Is it possible that D.C. public school officials allowed a sexual predator to roam the school halls in search of easy prey?

John Thomas Jones, 37, sits in jail after his arrest two weeks ago on charges of first-degree child sex abuse reportedly involving a two-year sexual relationship with a 17-year-old student at Ballou High School, where he was an attendance counselor, educational aide and school security aide.

During his sporadic eight years with the school system, Mr. Jones was tried but acquitted by a hung jury on a 1996 rape charge. Two separate accusations reportedly were made against him by students, one earlier in this school year. None of this could have been used to prevent Mr. Jones’ access to students because school officials contend D.C. law prohibits them from excluding anyone from employment who has not been convicted of a crime, though they may have been charged with one.

“There was not information we could use to keep him from employment,” said Ralph Neal, assistant superintendent, while standing before television cameras.

Come again? Do school officials mean to say that Mr. Jones’ less-than-stellar credentials were the top of their applicant pool at the time? That weak line is seriously suspect. They’ve got to do better.

Everyone is presumed innocent until proven guilty, but this man was not accused of petty theft; he was accused of rape and sexual harassment. That Mr. Jones was placed on the security detail is laughable, but that he was assigned as a counselor — or confidant to troubled teens — is idiotic and unconscionable.

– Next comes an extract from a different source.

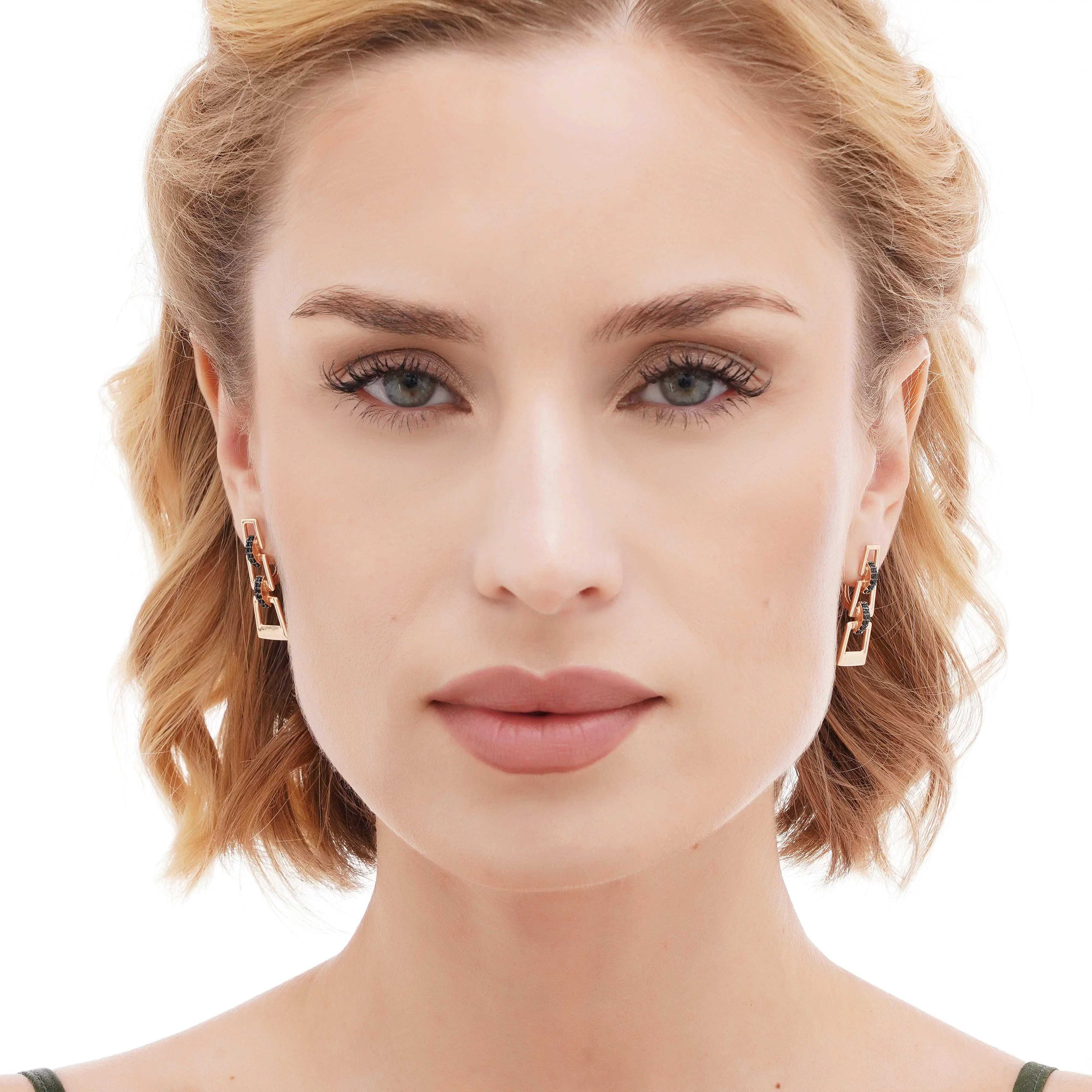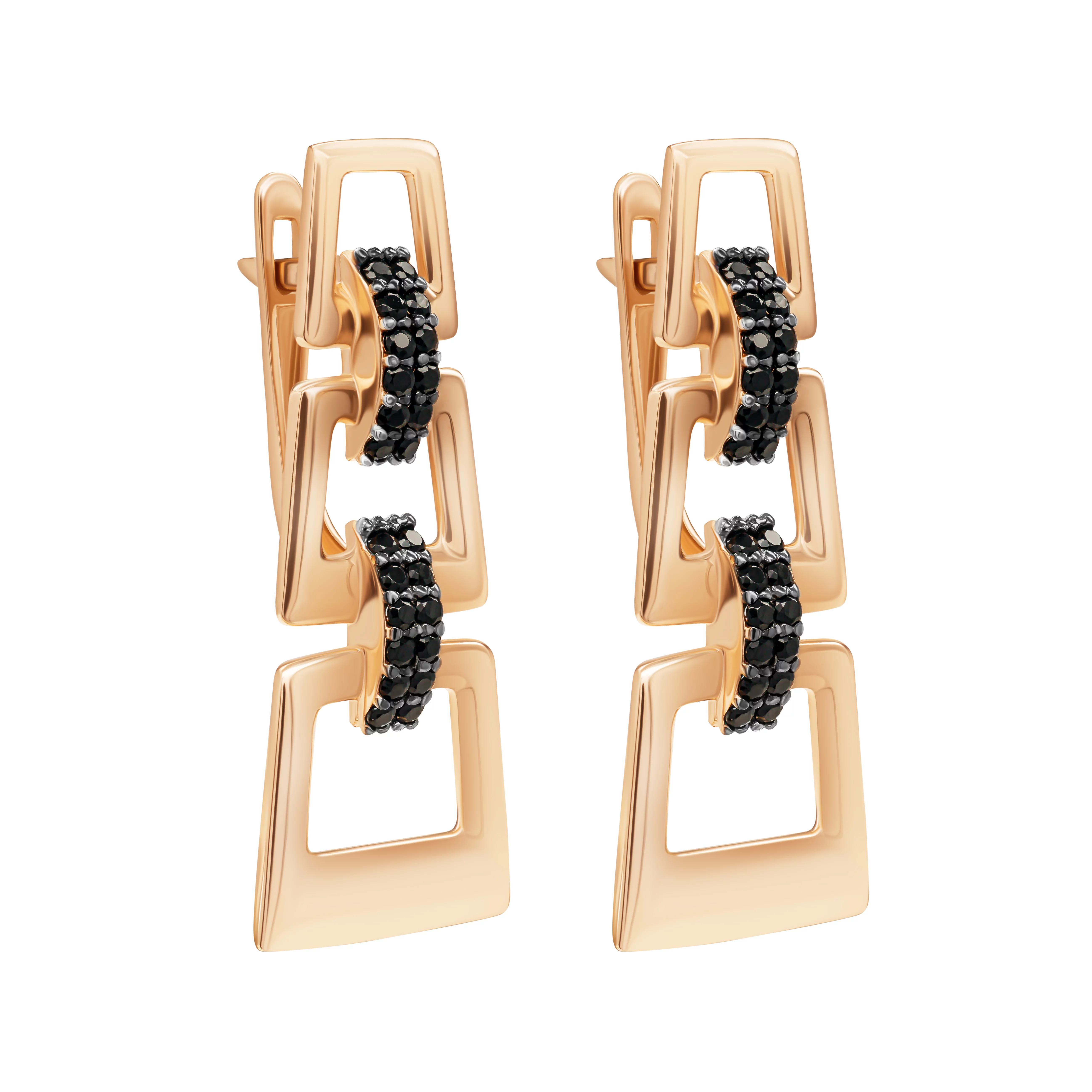 Сережки из красного золота в геометрическом стиле с фианитами - 1877892

Whatever happened to using common sense?

Superintendent Paul Vance issued a terse statement calling for “frontier justice” in such cases, adding that anyone who abuses his or her responsibility to students “should be tarred and feathered.” Not good enough.

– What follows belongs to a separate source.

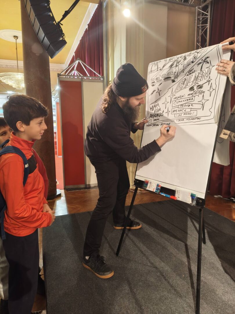 Posebno oduševljenje izazvao je završni dio susreta kada je gospodin Sarvan, na temelju asocijacija i naputaka koje su iznosili naši učenici, uživo i u svega nekoliko minuta izradio ilustraciju zamišljenog glazbenog albuma. Na veliko zadovoljstvo učenika, ilustrator je gotovu ilustraciju velikodušno poklonio školi kao uspomenu na ovaj susret.
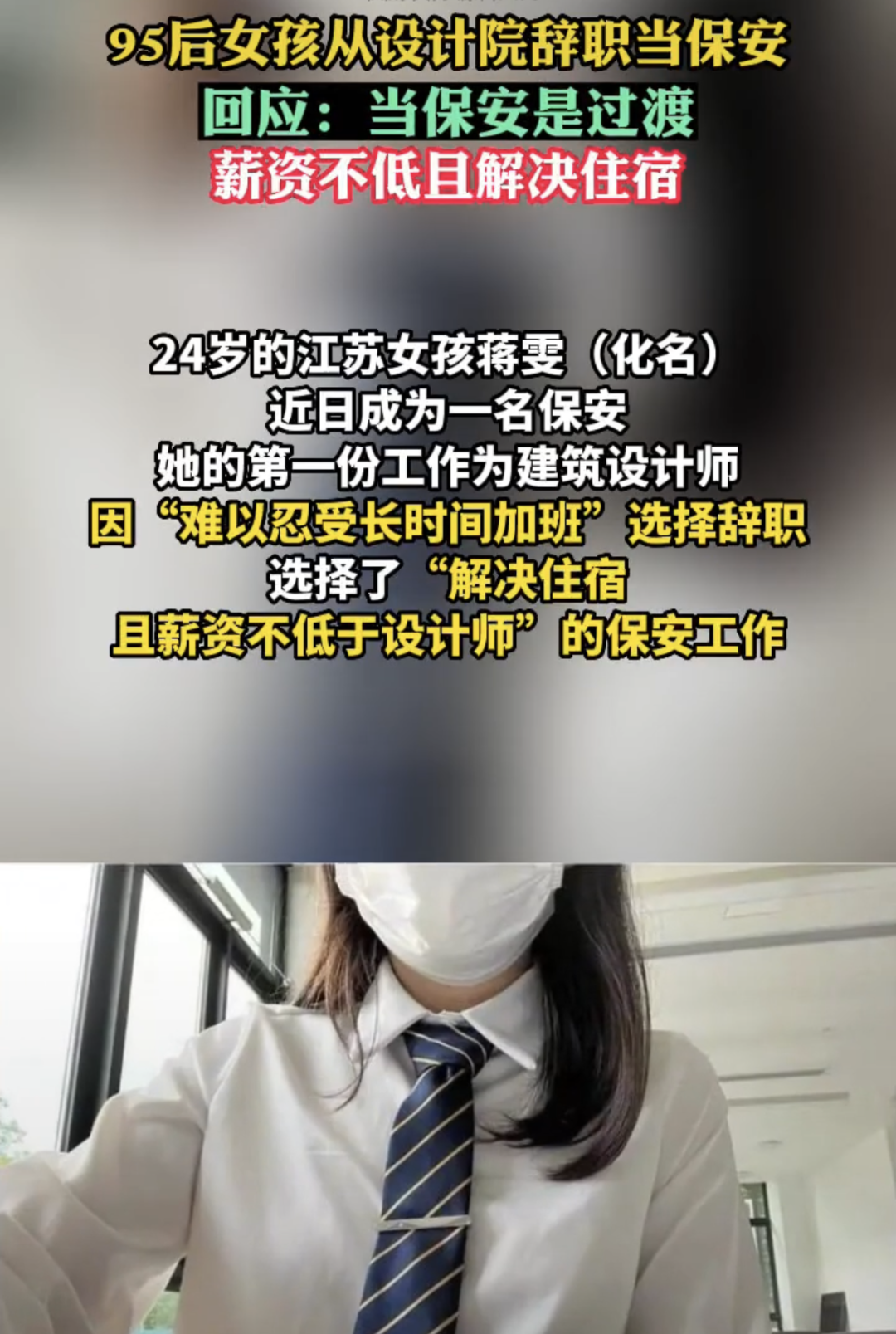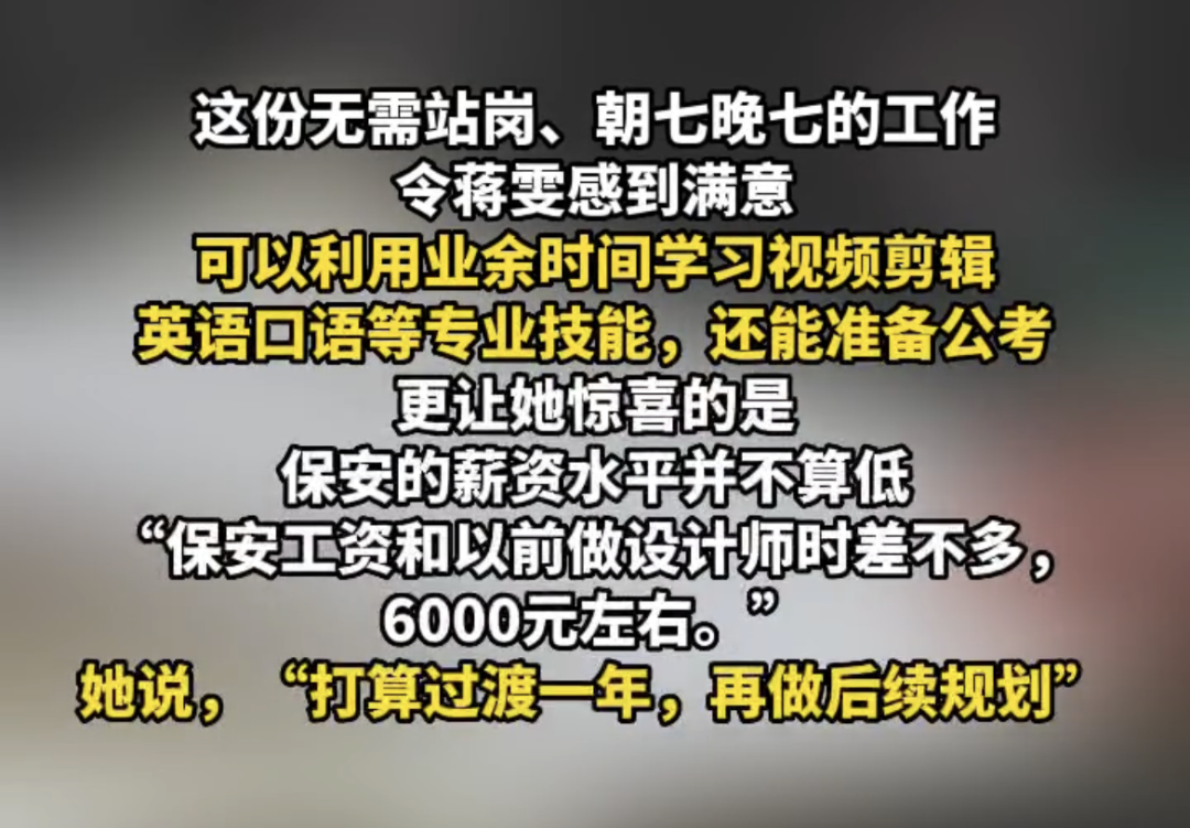 95后女设计师辞职当保安?!包吃包住,收入翻倍?!

Mr. Vance said hiring regulations should be revised. D.C. Council Member Kevin Chavous, chairman of the Committee on Public Education, Recreation and Libraries, pledges to rewrite the law to amend this hiring loophole “so it cannot be used as an excuse.” Not soon enough.

Mr. Jones is not the only teacher or school staffer accused of abusing students in recent years.

In case anyone bothered to look, the District of Columbia Public Schools has a written sexual harassment policy that addresses what Mr. Vance called an “imperative” issue. It should be copied and circulated today to every staffer and student in the school system to which it applies.

Two summers ago, I wrote about a citywide teen group called the Young Women’s Project. They held a daylong seminar — “Flirtin’ or Hurtin’: What Is and What to Do about Sexual Harassment” — at the Martin Luther King Library as part of their push to make the school system adopt the written sexual harassment policy.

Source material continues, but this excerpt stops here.